For the Currency Division, which contributes nearly three quarters of revenue, sales were up by 5.3% to £132.7 million. Operating profit more than doubled to £5.7 million.

Increasing and ongoing global demand for cash as central banks seek to increase stock levels during the pandemic has benefited the company, which has stated that it expects banknote capacity utilisation to be at 100% for the second half of the year.

The growth in polymer banknotes was 90% in the first half. For the full year, the company is projecting polymer production volumes to grow by 70%, with further increases in 2022/23.

The company’s cost out programme, first announced as part of its Turnaround Plan in February 2020, has been substantially completed, and will result in an additional £7 million in savings in 2021/22.

De La Rue’s goals for the Currency Division include converting the world to polymer and being the market leader, investing R&D in polymer (a second line is under construction and will be operational in the second half) and continuing to roll out new security features. It will also be focusing on the upgrade of its printing facility in Malta, which will be achieved without exceeding the original turnaround investment of £79.8 million.
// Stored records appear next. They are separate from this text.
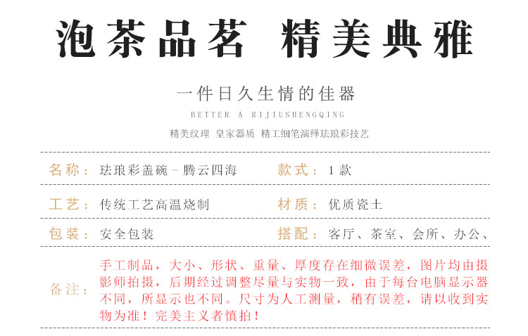 陶生活 陶瓷蓋碗茶杯青花瓷茶碗 琺瑯彩三才碗家用三才杯功夫茶具1入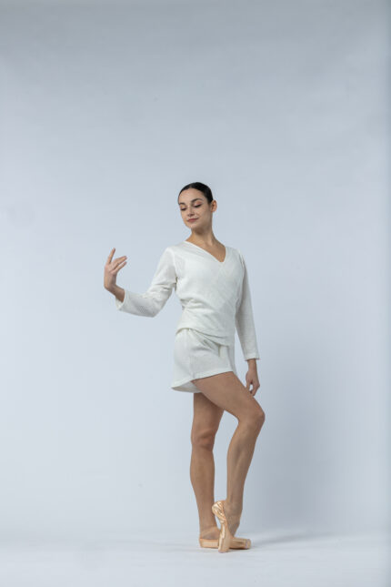 Le cache-cœur Maya, avec ses lignes fluides, accompagne la danseuse dans un cocooning chic, idéal pour des moments d’échauffement ou de détente.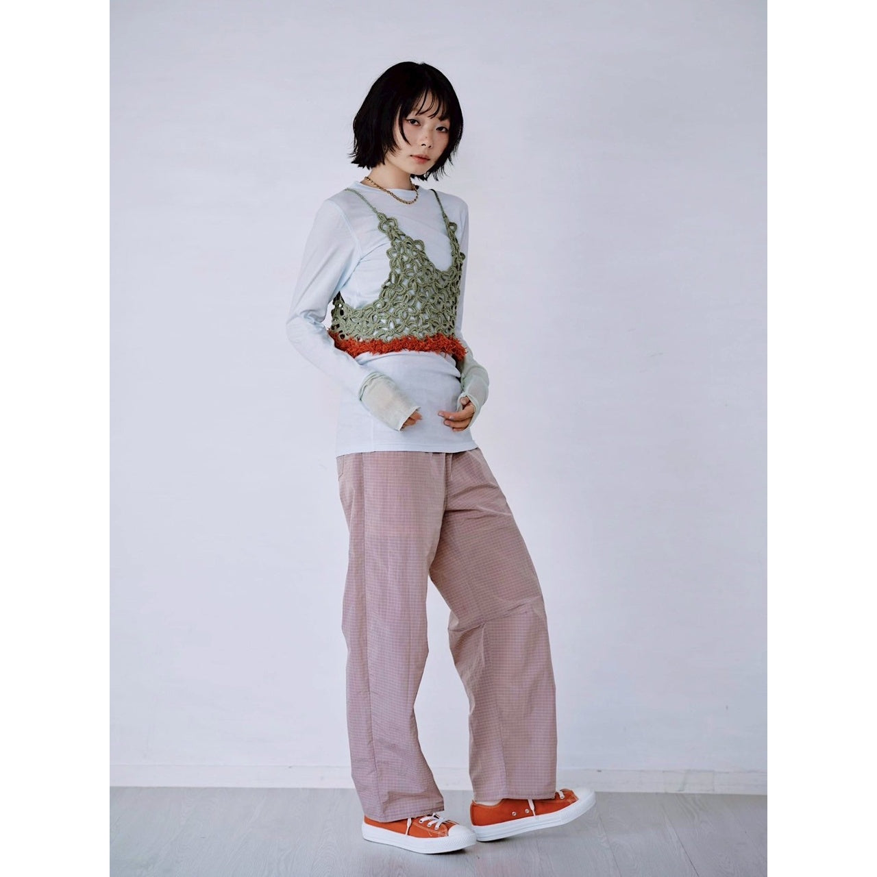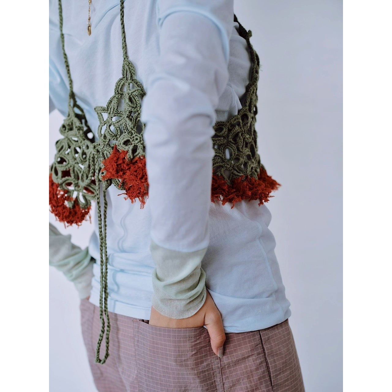 鉤針編織的吊帶背心,下擺加入特殊紗線點綴,增添層次感。

Commenting on the results, CEO Clive Vacher said: ‘our first half results have shown substantial improvement in the Group’s financial and operational performance. We continue to make progress in executing our Turnaround Plan, which is delivering both operating improvements and cost reductions.’ He added that ‘trading for FY 2021/22 to date continuing to be positive, the outlook for revenue, adjusted operating profit and net debt for the full year remain in line with the Board’s expectations’.